To make a sealer out of Tung oil, prepare equal amounts of citrus solvent and Tung oil. The solvent is an important ingredient in the marble sealer because it allows the oil to be evenly spread on the surface of the marble and to dry out completely. Citrus solvent is also a natural and safe solvent that can replace naphtha and mineral spirits that are commonly used to prepare sealers. To prepare the mixture, pour one part of citrus solvent and one part of Tung oil in a plastic container. Never use a metal container because metal may react negatively to the mix.

*Step 2 – Cleaning the Marble*

In order to produce a great finish, the marble should be free from dust, debris, stains and discoloration. Never use vinegar to clean the marble because it is too acidic and may cause more damage than good. Use baking soda paste instead along with hydrogen peroxide if necessary. Or, make use of a damp cloth to clean the surface. If it does not have any stain whatsoever, use a clean cloth to wipe away the dust and debris on the surface.
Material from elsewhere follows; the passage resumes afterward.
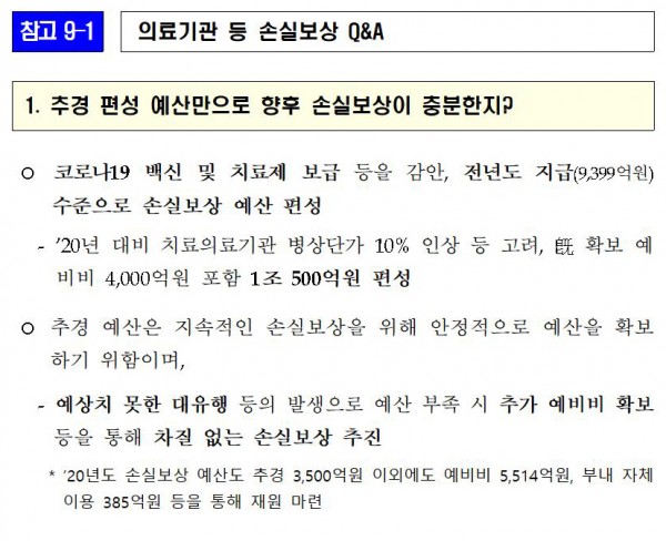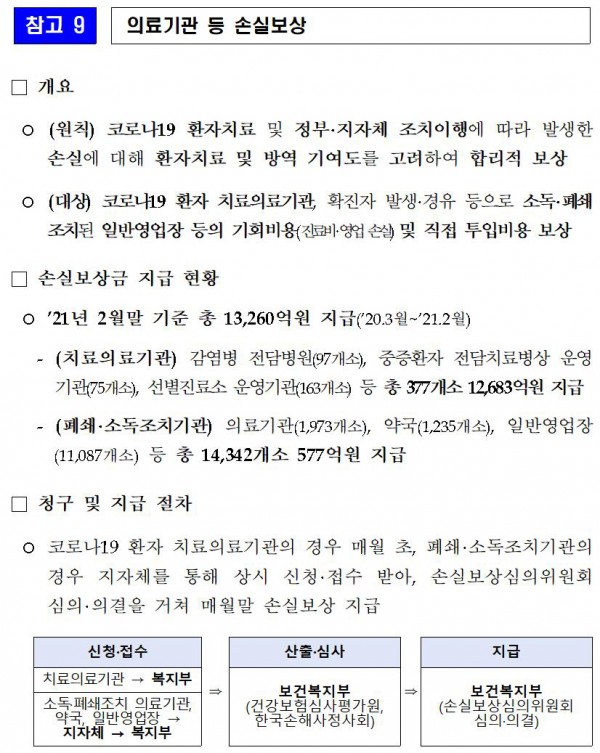 - (의료기관 등 손실보상) 코로나19 환자 치료의료기관 및 확진자 발생·경유에 따른 소독·폐쇄기관 손실보상 적기 지원 (+6,500억 원)

*Step 3 – Applying Tung Oil Sealer*

When using a cloth to apply the sealer, make sure to use rubber gloves to protect the hands. Soak the cloth in the mixture and use it to spread a thin coating onto the marble. Make sure that the thickness is consistent. If not, place the sealer in plastic spray bottle and spray in on the marble. Another way to apply the sealer is to paint it thinly using a brush. Since the Tung oil easily dries off unlike other drying oils, a coating is okay. Allow the first coat to dry before applying the next coat.

*Step 4 – Applying the Finishing Coat*

Apply another thin coat if proffered and allow it to dry before applying the finishing coat. The finishing coat should be applied thickly to ensure that the sealing effect lasts longer. Unlike other drying oils, Tung oil dries completely and a lot faster so it is okay to apply a thick coat for the last coating. Allow the sealer to dry​
Also, "boiled" linseed oil (look it up, it's not exactly what it sounds like) can be mixed with kerosene or paint thinner to make a home-made concrete sealer.

Also, also, plain old mineral oil is often used as an inexpensive (but more frequently reapplied) sealant for stone, especially soapstone counters and outdoor flagstone.  Apply it liberally, leave it sit for 10 minutes or so, and then wipe off the excess.

Also, also, also, I'd recommend doing just a little experimentation with the paints and potential sealants before making the final memorial...  Some of the oils and solvents used for the sealants might not play well with paint, if the paint is applied first.


----------



## Umbran (Feb 2, 2011)

Pbartender said:


> It depends on what she means by "home-made" and "sealant".




What it sounds like she wants is not so much a sealant, as a clear protective top-coat or glaze, which is not the same thing.

"Sealant" typically refers to a substance penetrates the surface of a material, and takes up residence, to keep other substances from getting in.  Your mineral oil on slightly porous stone or wood is a good example - you fill all the microscopic pores in the surface with oil, and the oil won't admit water.

If you're painting the stone, a sealant isn't necessarily going to help keep the paint on the stone, it'll keep other things from getting into the stone - and may itself be kept out by the paint underneath, depending on the paint.

I'd suggest you go talk to a local ceramics expert, as many of the techniques used to decorate ceramics will also work on stone.


----------



## Pbartender (Feb 2, 2011)

Umbran said:


> I'd suggest you go talk to a local ceramics expert, as many of the techniques used to decorate ceramics will also work on stone.




That's a good idea...  Glaze it, instead of painting and varnishing it.

And glazes are not especially difficult to make yourself.


----------



## Janx (Feb 4, 2011)

Pbartender said:


> That's a good idea...  Glaze it, instead of painting and varnishing it.
> 
> And glazes are not especially difficult to make yourself.




Well, make sure you've taken a pottery class and know how to mix glazes.  The powders are metallic and can be quite dangerous to inhale.

You're also going to want to use the school's kiln.  Those things aren't cheap.


My wife spent several years making pottery.


----------